Floriculture Crop Seed Quality and Seed Handling

By Dr. Claudio Pasian

Department of Horticulture and Crop Science

The Ohio State University

pasian.1@osu.edu

 

Nowadays, floriculture growers start their crops using either plugs from seeds or rooted cuttings (also called liners).  Growers that use plugs either grow the plugs themselves or buy them from other growers who specialize in plug production. Regardless of who produces the plugs, the objective is to have a healthy seedling in each cell of the plug tray.  In order to achieve that, growers have to buy seeds of the highest quality possible and then follow appropriate germination procedures (right temperature, light, water, fertility at each plug production phase).  Doing otherwise, represents a loss of money.  The extent of such loss depends on the number of non-usable plugs per tray and the wholesale price of each plug (Table 1).

 

Table 1.  Potential losses for a 512 plug tray (after Paul Karlovich, Raker’s Acres). Although prices change over time, this table clearly indicates that even the loss of a few plugs per tray represents a loss in revenue.

Non- usable plugs (%) Wholesale price per plug ($)
0.03 0.04 0.05 0.06 0.07
5 0.77 1.02 1.28 1.54 1.79
10 1.54 2.05 2.56 3.07 3.58
15 2.30 3.07 3.84 4.61 5.38
20 3.07 4.10 5.12 6.14 7.17
25 3.84 5.12 6.40 7.68 8.96
30 4.61 6.14 7.68 9.22 10.75

 

Take home message No. 1: Use high quality seeds and follow appropriate germination procedures.

Every floriculture grower starting crops from seed should be aware of some important seed properties:

Seed viability indicates to which degree the seeds are alive.  Sometimes, seeds are alive but do not germinate even when placed under ideal germination conditions.  In such case, it said that seeds are dormant.  Germination will occur only when what it is inhibiting germination disappears.  Hence, seed viability ≠ seed germination.

Seed germination is the emergence and development of the essential structures (root, hypocotyl, cotyledons) that will produce a normal plant under favorable conditions. Reporting the germination potential (expressed as percent germination) of a seed lot is a legal requirement (by law, seed producers must provide this information on packets) and it is measured under ideal germination conditions (in the laboratory) that should be easily replicated.  In other words, the germination % of a seed lot measured by two different laboratories should be the same.

Having a seed lot with a low germination % is a sure indication of germination problems.  But having seeds of high germination % is no guarantee of a good crop of seedlings. How is this possible?  Because growers are more interested in seed vigor than  germination percentage.
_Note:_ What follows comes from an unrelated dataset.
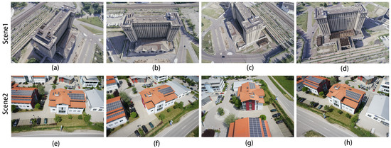 To evaluate the application of our model in the field of UAV remote sensing, we also performed the corresponding test in the main scene reconstruction of buildings, as shown in Figure 8. Here, the image of Scene 1 was obtained from a public dataset provided by the well-known UAV photogrammetry company PIX4D [41]. The camera model was DJI FC6310, the world coordinates were selected as WGS84/UTM zone 17N, and the image resolution was 5472 × 3478. The image for Scene 2 was captured with an AV-900 model drone with a Sony NEX-5T camera model; the world coordinate system was also selected as WGS84/UTM zone 17N, the average ground sampling distance (GSD) was 1.66 cm/0.65 in, and the image resolution was 4912 × 3264.

Seed Vigor can be defined as the seed properties which determine the capacity to produce a rapid and uniform emergence of normal seedlings under a wide range of greenhouse (as opposed to laboratory) conditions. It is not a legal requirement and each company can develop its own system to measure seed vigor.

Take home message No. 2:  Viability does not equal Germination, and Germination does not equal Vigor.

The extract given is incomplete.